Energy dissipation mechanisms in wave breaking processes: spilling and highly aerated plunging breaking events

The breaking of free surface waves is investigated numerically via a Navier-Stokes model for the two-fluids flow of air and water. Third order Stokes waves in a periodic domain are simulated. The fundamental wavelength is 27 cm, whereas the initial steepness aries from low values, leading to regular wave trains, up to artificially steep wave trains yielding plunging breaking events. Attention is focused on the early stage of the breaking, when most of the energy is dissipated. The energy content in air, the fraction associated to surface tension effects, the viscous dissipation in water, and the work done against the pressure field are analyzed in order to distinguish the different contributions to the dissipation. Vorticity fields and dissipation contours are also presented. In the spilling case, the extra energy content with respect to the steepest nonbreaking case focusses into the breaking region and is gradually dissipated.

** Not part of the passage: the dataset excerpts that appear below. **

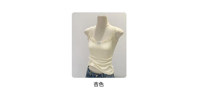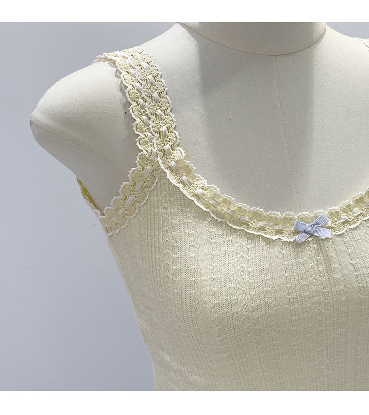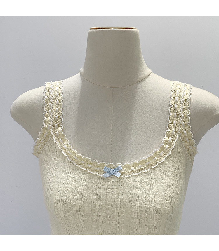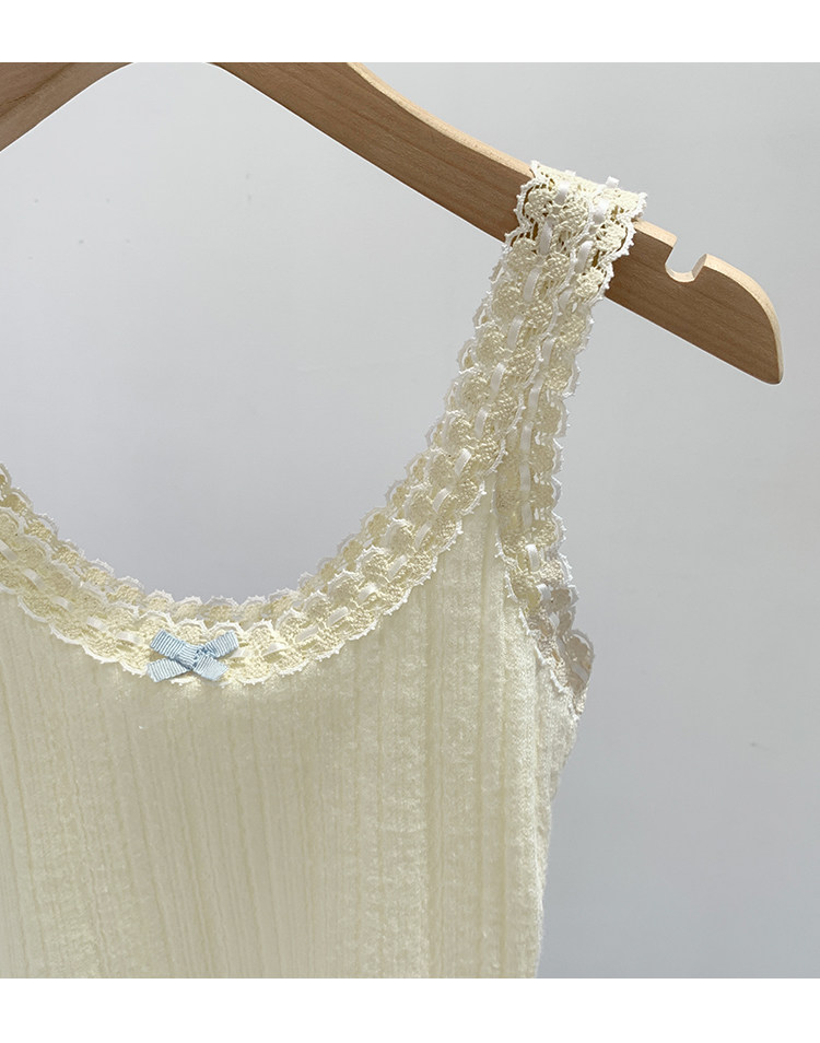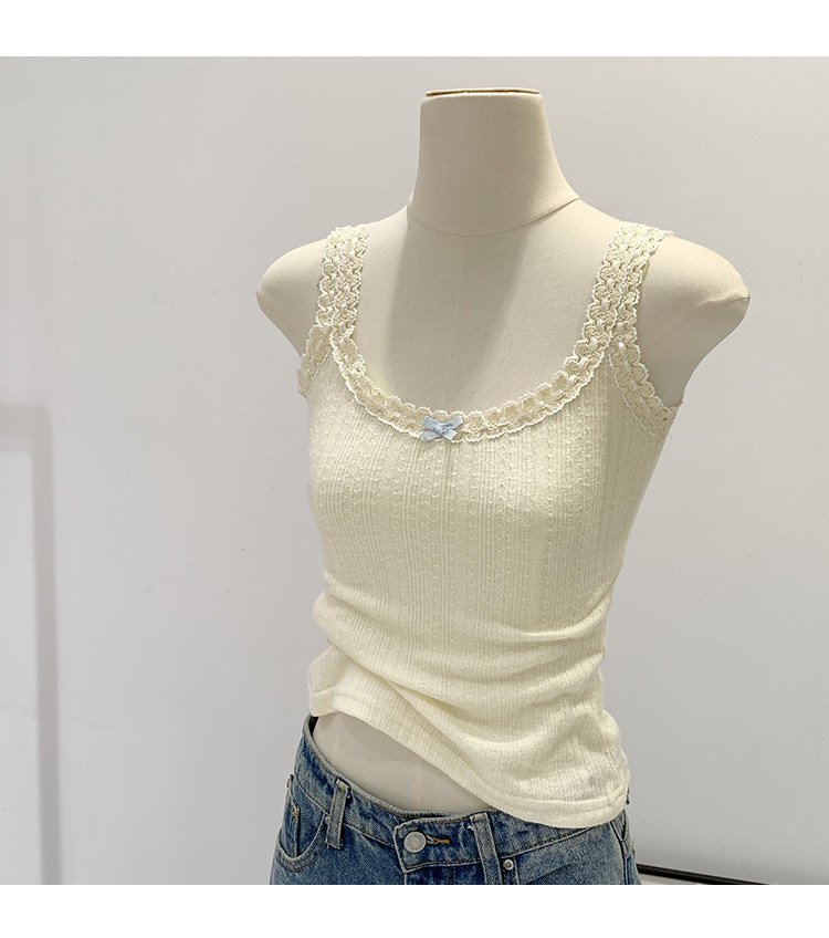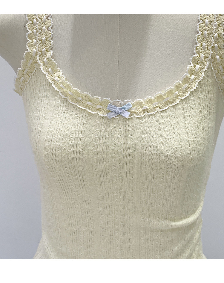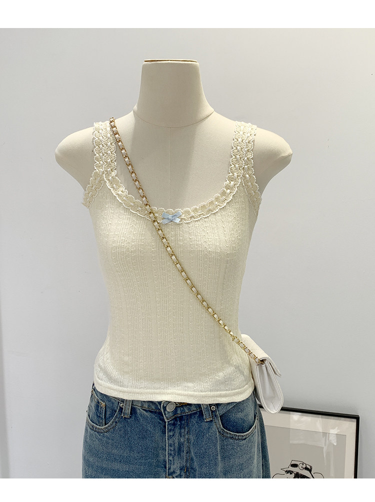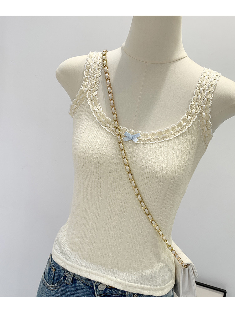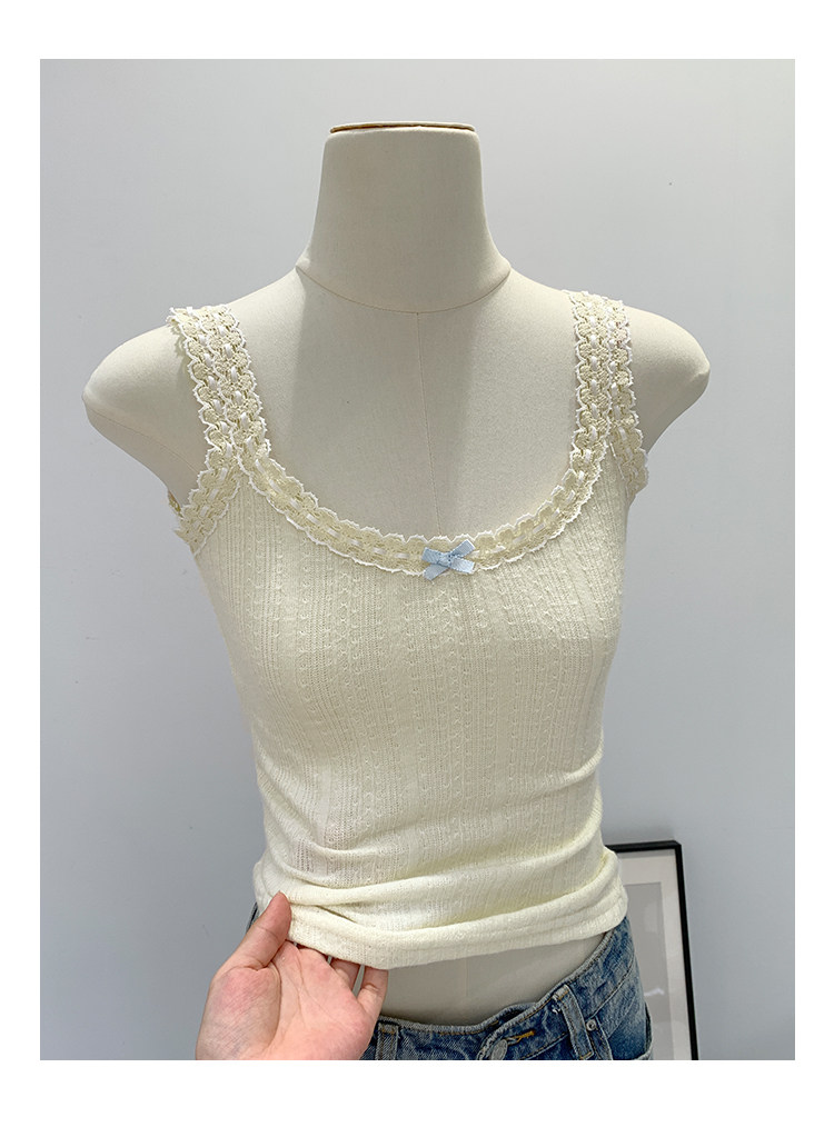 Sweet and Pure Miu-Style Bow-Tie Camisole for Women, Spring and Summer Anti-Exposure U-Neck Vest, Covers Side Breasts, Inner Layer Base Top
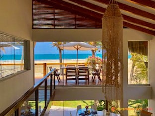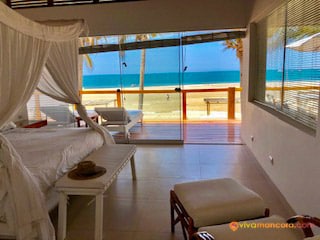 Sala amplia, bar, con vista al jardín, arena y mar.
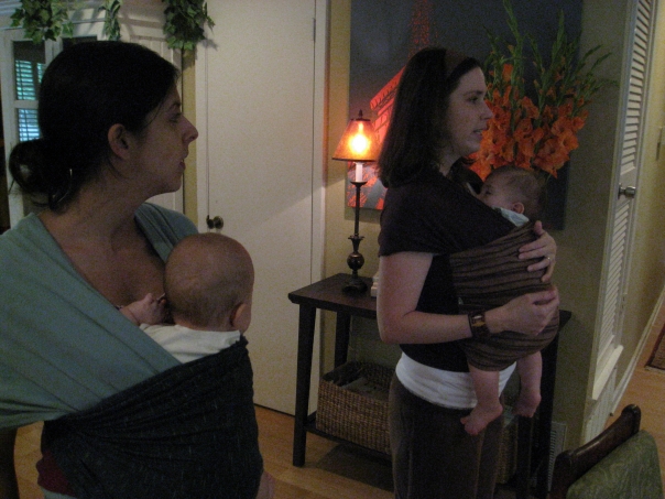 two middle aged woman stand with babies on their fronts as they stare ahead.

Once the extra energy has been dissipated, the resulting wave matches the steepest nonbreaking solution. In the plunging case, an important role is played by the air entrainment. A fraction between 10 to 35% of the energy dissipated by the breaking is spent in entraining the air cavity, and most of it is dissipated by viscous effects when the cavity collapses. The phenomenon is clearly highlighted by sequences of vorticity and dissipation contours. The circulation and the area of the cavity generated by the plunging of the jet are provided, and parametric dependencies are proposed.